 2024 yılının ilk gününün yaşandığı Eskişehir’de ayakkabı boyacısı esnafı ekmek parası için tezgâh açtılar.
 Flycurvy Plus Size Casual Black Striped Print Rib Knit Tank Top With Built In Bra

---

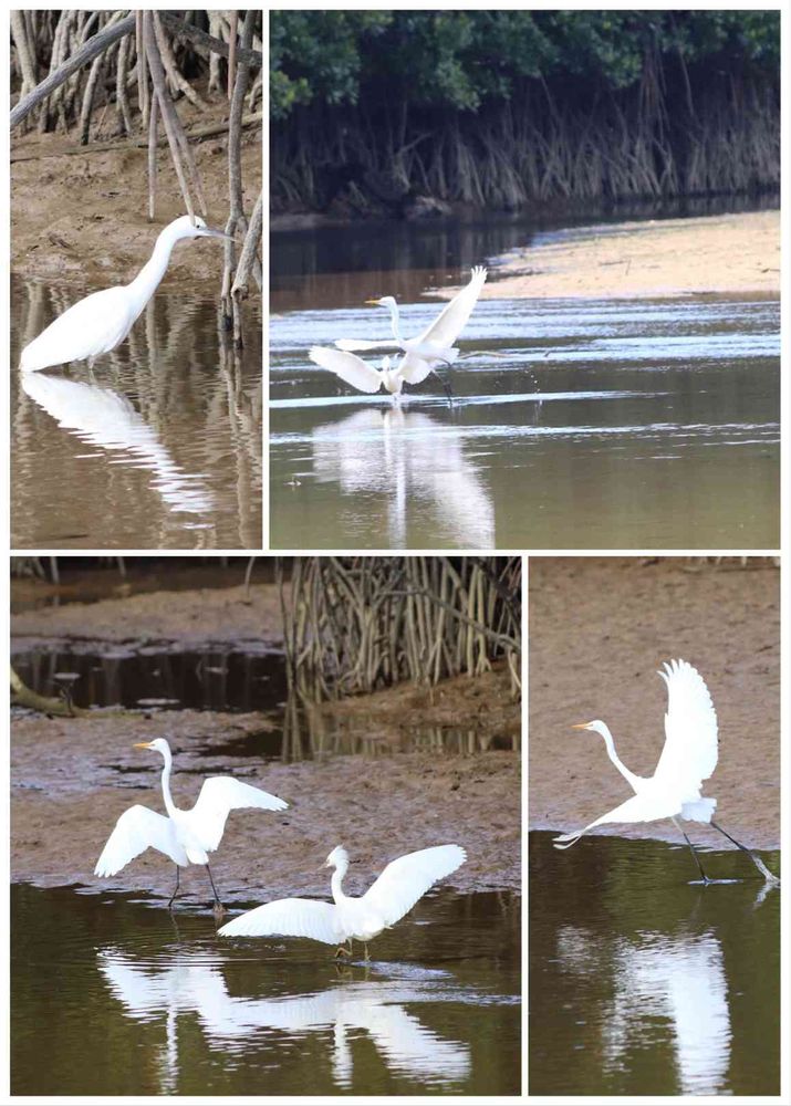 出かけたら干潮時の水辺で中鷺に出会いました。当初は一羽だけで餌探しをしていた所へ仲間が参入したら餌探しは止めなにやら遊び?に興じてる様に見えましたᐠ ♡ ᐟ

* * *

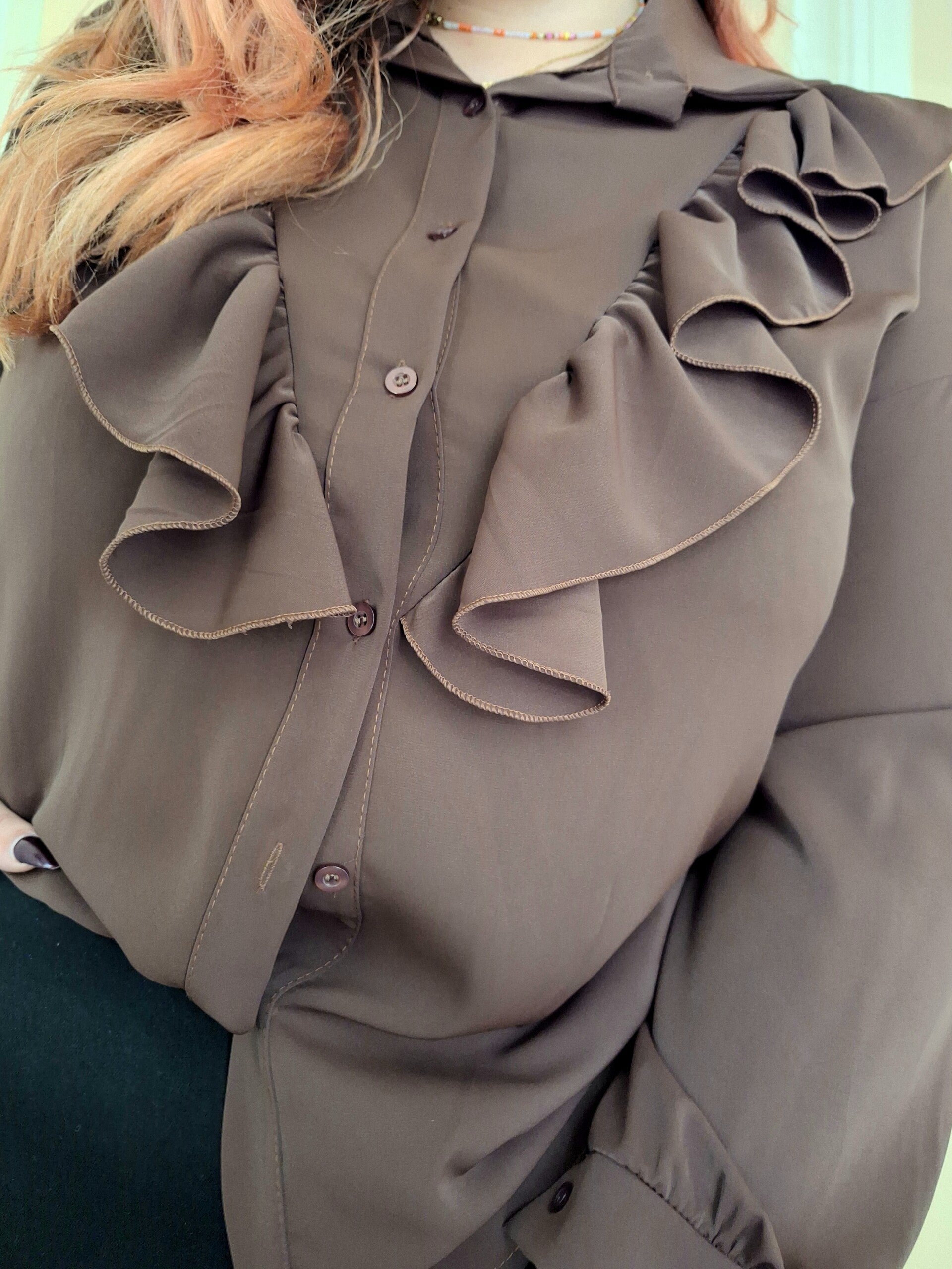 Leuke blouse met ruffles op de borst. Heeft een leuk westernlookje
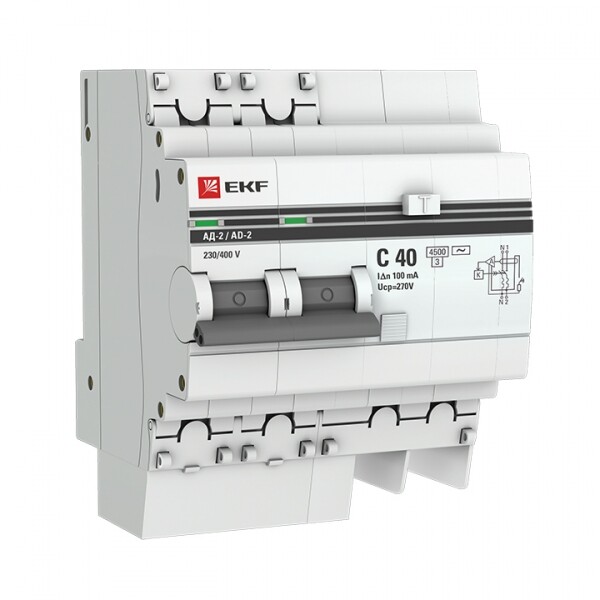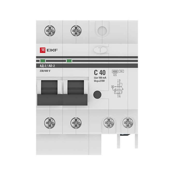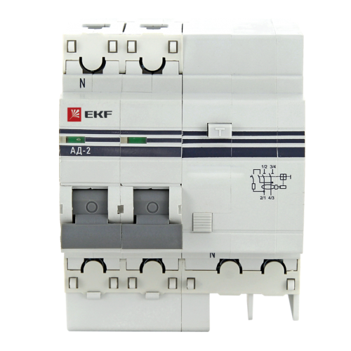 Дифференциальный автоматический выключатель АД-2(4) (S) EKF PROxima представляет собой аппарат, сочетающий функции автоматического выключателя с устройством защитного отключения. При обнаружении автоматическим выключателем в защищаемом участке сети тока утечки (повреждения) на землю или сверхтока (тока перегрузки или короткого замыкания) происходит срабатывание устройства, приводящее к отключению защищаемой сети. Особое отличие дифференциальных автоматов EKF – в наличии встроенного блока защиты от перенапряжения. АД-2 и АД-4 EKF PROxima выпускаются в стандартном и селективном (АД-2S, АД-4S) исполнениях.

_Prompt_:
Now transcribe the lines above exactly, starting at the line containing "Leuke blouse met" and ending at the line containing "Дифференциальный автоматический выключатель", both lines included, pictures excluded.

_Completed exercise_:
 Leuke blouse met ruffles op de borst. Heeft een leuk westernlookje
 Дифференциальный автоматический выключатель АД-2(4) (S) EKF PROxima представляет собой аппарат, сочетающий функции автоматического выключателя с устройством защитного отключения. При обнаружении автоматическим выключателем в защищаемом участке сети тока утечки (повреждения) на землю или сверхтока (тока перегрузки или короткого замыкания) происходит срабатывание устройства, приводящее к отключению защищаемой сети. Особое отличие дифференциальных автоматов EKF – в наличии встроенного блока защиты от перенапряжения. АД-2 и АД-4 EKF PROxima выпускаются в стандартном и селективном (АД-2S, АД-4S) исполнениях.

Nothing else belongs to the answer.